**ABOUT THIS EXERCISE:**
All lines from the one containing "2月24日,《人民日报》刊登" through the last line of the listing below are to be copied exactly. Exclude the pictures.

**DATA RECORDS:**
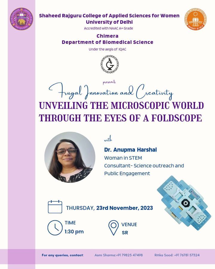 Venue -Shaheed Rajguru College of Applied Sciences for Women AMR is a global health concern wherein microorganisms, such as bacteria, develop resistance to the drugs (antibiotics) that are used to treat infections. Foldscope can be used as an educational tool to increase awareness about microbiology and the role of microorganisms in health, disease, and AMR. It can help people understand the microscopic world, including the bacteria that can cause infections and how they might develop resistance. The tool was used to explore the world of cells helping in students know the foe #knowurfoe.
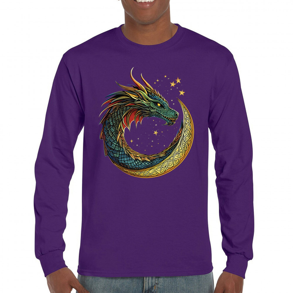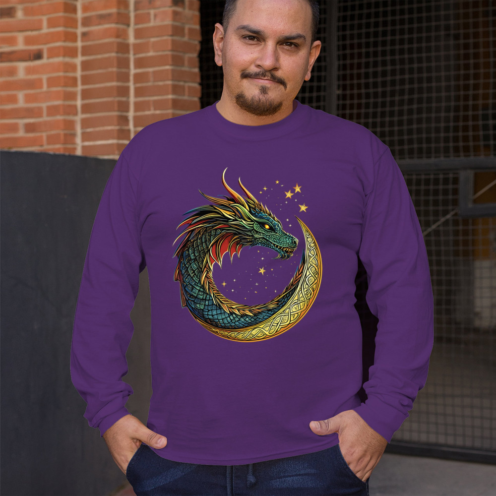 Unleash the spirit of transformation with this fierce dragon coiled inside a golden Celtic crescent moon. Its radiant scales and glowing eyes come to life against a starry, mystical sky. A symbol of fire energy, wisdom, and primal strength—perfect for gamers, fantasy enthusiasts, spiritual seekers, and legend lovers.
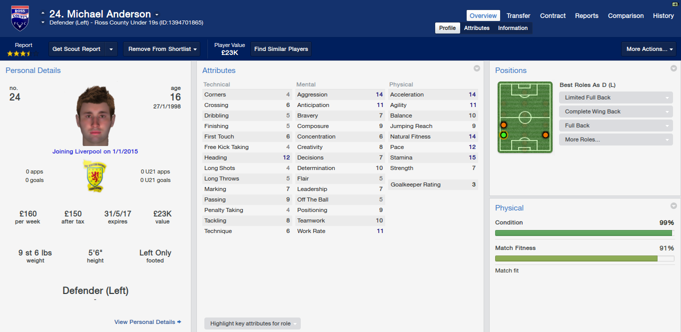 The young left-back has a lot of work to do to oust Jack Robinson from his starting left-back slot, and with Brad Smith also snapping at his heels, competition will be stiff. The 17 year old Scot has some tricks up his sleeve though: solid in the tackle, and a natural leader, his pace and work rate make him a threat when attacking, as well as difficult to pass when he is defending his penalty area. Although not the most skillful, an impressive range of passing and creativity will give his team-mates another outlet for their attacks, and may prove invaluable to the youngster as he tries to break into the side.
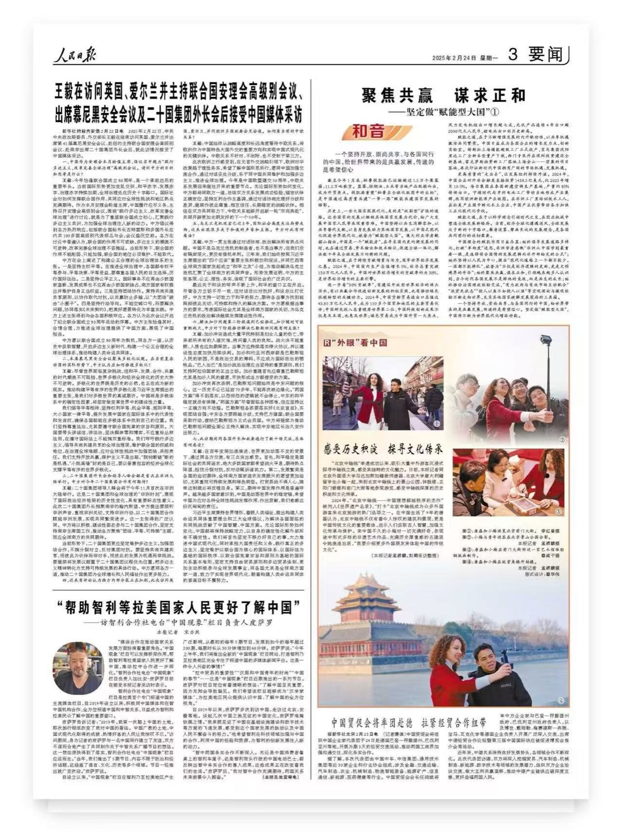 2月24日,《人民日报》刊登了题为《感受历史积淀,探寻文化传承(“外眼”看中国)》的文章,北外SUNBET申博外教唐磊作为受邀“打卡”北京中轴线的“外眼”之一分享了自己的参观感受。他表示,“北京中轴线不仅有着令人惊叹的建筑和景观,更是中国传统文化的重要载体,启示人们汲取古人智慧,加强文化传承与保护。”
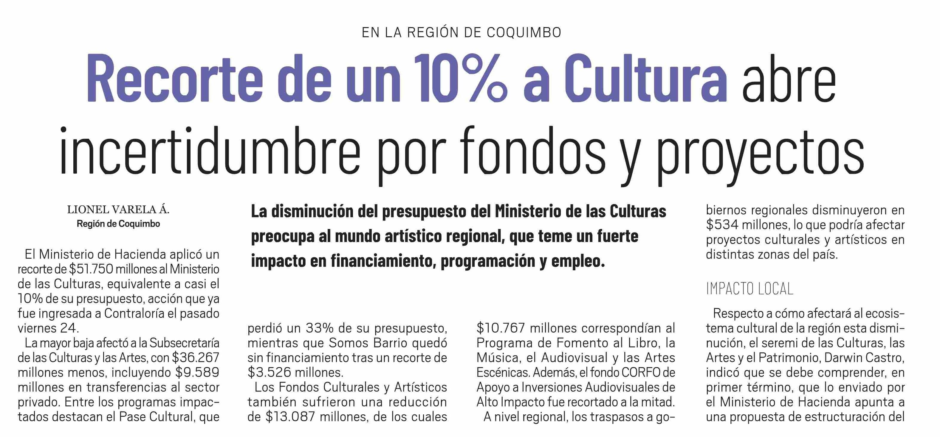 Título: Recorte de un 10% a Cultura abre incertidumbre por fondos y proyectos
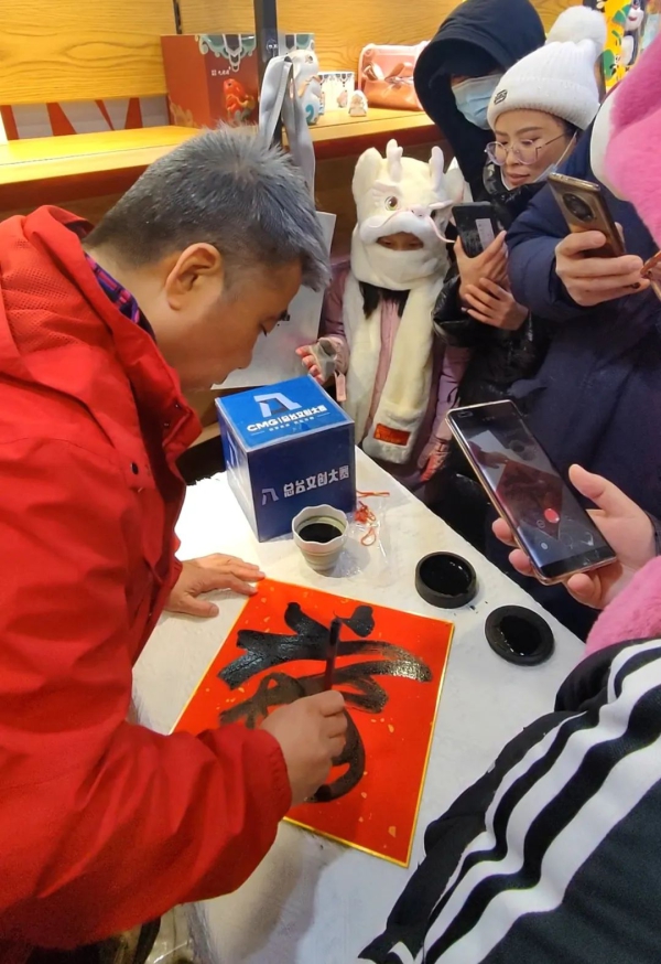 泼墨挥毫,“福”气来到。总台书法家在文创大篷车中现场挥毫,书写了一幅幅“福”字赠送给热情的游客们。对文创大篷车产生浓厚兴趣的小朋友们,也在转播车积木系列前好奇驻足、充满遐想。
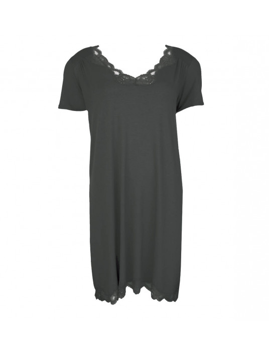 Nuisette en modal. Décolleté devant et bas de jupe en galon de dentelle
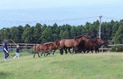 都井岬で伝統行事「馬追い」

**SOLUTION FOR THIS TASK:**
 2月24日,《人民日报》刊登了题为《感受历史积淀,探寻文化传承(“外眼”看中国)》的文章,北外SUNBET申博外教唐磊作为受邀“打卡”北京中轴线的“外眼”之一分享了自己的参观感受。他表示,“北京中轴线不仅有着令人惊叹的建筑和景观,更是中国传统文化的重要载体,启示人们汲取古人智慧,加强文化传承与保护。”
 Título: Recorte de un 10% a Cultura abre incertidumbre por fondos y proyectos
 泼墨挥毫,“福”气来到。总台书法家在文创大篷车中现场挥毫,书写了一幅幅“福”字赠送给热情的游客们。对文创大篷车产生浓厚兴趣的小朋友们,也在转播车积木系列前好奇驻足、充满遐想。
 Nuisette en modal. Décolleté devant et bas de jupe en galon de dentelle
 都井岬で伝統行事「馬追い」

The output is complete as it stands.